Chilean avocado growers and shippers have a world of customers with whom they can do business, but more of them are sending fruit to customers inside Chile.
“Our economy is strong and will grow at least at 4% during 2013, so we expect to have a strong demand (for) avocados,” said Adolfo Ochagavía, president of the Chilean Hass Avocado Committee.
That has been the trend for some time, said Rankin McDaniel, owner of Fallbrook, Calif.-based McDaniel Fruit Co.
“Chile’s domestic market plays a big role in the avocado deal because the demand for avocados domestically in the national market has grown very much larger than we thought it would ... and done a very good job of building their markets,” McDaniel said.
A more prosperous consumer base has led to higher avocado sales, McDaniel said.
“The Chilean organizations that are responsible for building programs domestically have done a very good job, and Chilean society, if you will, has become more middle class-oriented, and there’s more money to spend on these types of products, so they’re building their market,” he said.
That affects what is exported, McDaniel said.
The growth of Chile’s domestic avocado market is one of the industry’s “biggest success stories,” said Rob Wedin, vice president of sales and marketing with Santa Paula, Calif.-based Calavo Growers Inc.
“At some point, they’re going to max out on that, but just about any food that’s eaten down there is eaten with avocados,” Wedin said.

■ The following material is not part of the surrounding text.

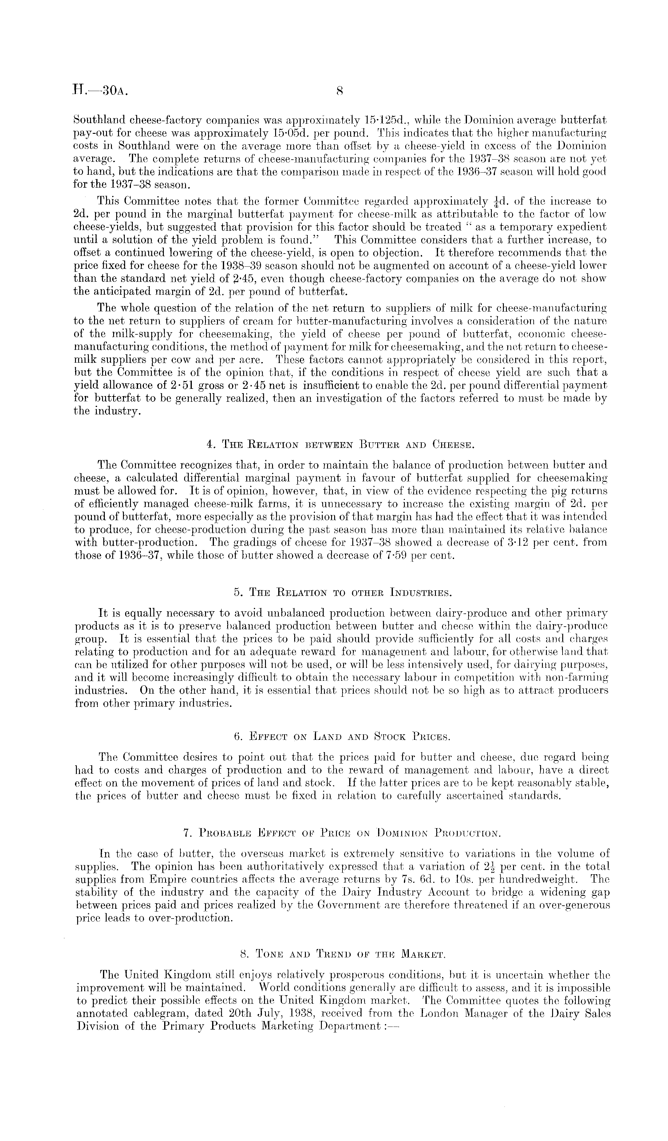 Southland cheese-factory companies was approximately 15-125 d., while the Dominion average butterfat pay-out for cheese was approximately 15-05 d. per pound. This indicates that the higher manufacturing costs in Southland were on the average more than offset by a cheese-yield in excess of the Dominion average. The complete returns of cheese-manufacturing companies for the 1937-38 season are not yet to hand, but the indications are that the comparison made in respect of the 1936-37 season will hold good for the 1937-38 season. This Committee notes that the former Committee regarded approximately Jd. of the increase to 2d. per pound in the marginal butterfat payment for cheese-milk as attributable to the factor of low cheese-yields, but suggested that provision for this factor should be treated " as a temporary expedient until a solution of the yield problem is found." This Committee considers that a further increase, to offset a continued lowering of the cheese-yield, is open to objection. It therefore recommends that the price fixed for cheese for the 1938-39 season should not be augmented on account of a cheese-yield lower than the standard net yield of 2*45, even though cheese-factory companies on the average do not show the anticipated margin of 2d. per pound of butterfat. The whole question of the relation of the net return to suppliers of milk for cheese-manufacturing to the net return to suppliers of cream for butter-manufacturing involves a consideration of the nature of the milk-supply for cheesemaking, the yield of cheese per pound of butterfat, economic cheesemanufacturing conditions, the method of payment for milk for cheesemaking, and the net return to cheesemilk suppliers per cow and per acre. These factors cannot appropriately be considered in this report, but the Committee is of the opinion that, if the conditions in respect of cheese yield are such that a yield allowance of 2-51 gross or 2• 45 net is insufficient to enable the 2d. per pound differential payment for butterfat to be generally realized, then an investigation of the factors referred to must be made by the industry. 4. The Relation between Butter and Cheese. The Committee recognizes that, in order to maintain the balance of production between butter and cheese, a calculated differential marginal payment in favour of butterfat supplied for cheesemaking must be allowed for. It is of opinion, however, that, in view of the evidence respecting the pig returns of efficiently managed cheese-milk farms, it is unnecessary to increase the existing margin of 2d. per pound of butterfat, more especially as the provision of that margin has had the effect that it was intended to produce, for cheese-production during the past season has more than maintained its relative balance with butter-production. The gradings of cheese for 1937-38 showed a decrease of 3-12 per cent. from, those of 1936-37, while those of butter showed a decrease of 7'59 per cent. 5. The Relation to other Industries. It is equally necessary to avoid unbalanced production between dairy-produce and other primary products as it is to preserve balanced production between butter and cheese within the dairy-produce group. It is essential that the prices to be paid should provide sufficiently for all costs and charges relating to production and for an adequate reward for management and labour, for otherwise land that can be utilized for other purposes will not be used, or will be less intensively used, for dairying purposes, and it will become increasingly difficult to obtain the necessary labour in competition with non-farming industries. On the other hand, it is essential that prices should not be so high as to attract producers from other primary industries. 6. Effect on Land and Stock Prices. The Committee desires to point out that the prices paid for butter and cheese, due regard being had to costs and charges of production and to the reward of management and labour, have a direct effect on of prices of land and stock. If the latter prices are to be kept reasonably stable, the prices of butter and cheese must be fixed in relation to carefully ascertained standards. 7. Probable Effect of Price on Dominion Production. In the case of butter, the overseas market is extremely sensitive to variations in the volume of supplies. The opinion has been authoritatively expressed that a variation of 24- per cent, in the total supplies from Empire countries affects the average returns by 7s. 6d. to 10s. per hundredweight. The stability of the industry and the capacity of the Dairy Industry Account to bridge a widening gap between prices paid and prices realized by the Government are therefore threatened if an over-generous price leads to over-production. 8. Tone and Trend of the Market. The United Kingdom still enjoys relatively prosperous conditions, but it is uncertain whether the improvement will be maintained. World conditions generally are difficult to assess, and it is impossible to predict their possible effects on the United Kingdom market. The Committee quotes the following annotated cablegram, dated 20th July, 1938, received from the London Manager of the Dairy Sales Division of the Primary Products Marketing Department:—

Per-capita consumption of avocados is growing in Chile, said Chris Varvel, sales/distribution manager for Henry Avocado Corp., Escondido, Calif.

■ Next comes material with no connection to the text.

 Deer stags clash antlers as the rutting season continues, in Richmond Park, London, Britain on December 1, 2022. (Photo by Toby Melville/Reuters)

“When they’re processing where to market their fruit, exporters have turned and looked at their own domestic market as maybe the best market for fruit they’re getting from growers there, without dealing with the time involved in shipping and the exchange rate,” Varvel said.
It’s a limited market, though, with only about 14 million people, Wedin said.

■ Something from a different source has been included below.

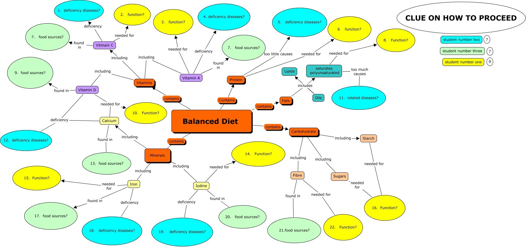 This Concept Map, created with IHMC CmapTools, has information related to: 2012-01-13 BALANCED DIET 20+ QUESTIONAIRE WITH CLUES, Balanced Diet Contains Protein, Sugars needed for 16. Function?, Vitamin A deficiency 4. deficiency diseases?, Fibre found in 21.food sources?, Minerals including Calcium, Starch needed for 16. Function?, Carbohydrate including Sugars, Calcium found in 13. food sources?, Iodine deficiency 19. deficiency diseases?, Vitmain C deficiency 1. deficiency diseases?, saturates polyunsaturated too much causes 11. related diseases?, Iodine found in 20. food sources?, Minerals including Iron, Vitamins including Vitmain C, Vitamin D found in 9. food sources?, Balanced Diet contains Vitamins, Carbohydrate including Fibre, Vitamin A found in 7. food sources?, Vitamins including Vitamin A, Calcium deficiency 12. deficiency diseases?

“That’s got to spread into Argentina and eventually into Brazil and Colombia and places like that for that concept to pay off,” he said.
But, there are still plenty of avocados to ship to the U.S. and other markets, McDaniel said.
“The global market is expanding just as fast as the U.S. market ... and there are opportunities globally from Chile’s perspective that they’re making sure that they’re totally aware of and taking advantage of, if it’s the right thing to do at that given time,” he said.
Currency exchange also plays a role in how much goes in which direction, McDaniel said.
“That has had an effect in previous years, and I’m assuming that will continue to play a role in determining what is exported to the U.S. when you compare the U.S. dollar vs. the peso in the exchange rate,” he said.
The exchange rate likely won’t be a factor this year, McDaniel said.
The peso was trading at about 510 pesos to $1 as of Sept. 1. A year earlier, it was about 480 to 1.
“I’m not aware that that is a big issue at the moment,” McDaniel said.
European sales also have a say in how much Chilean volume makes its way to the U.S., and Europe will compete for that product this year, Ochagavía said.
“We are looking at the recuperation of the economies like the U.S. and Europe, so our expectation is that we will have a good demand from both,” he said.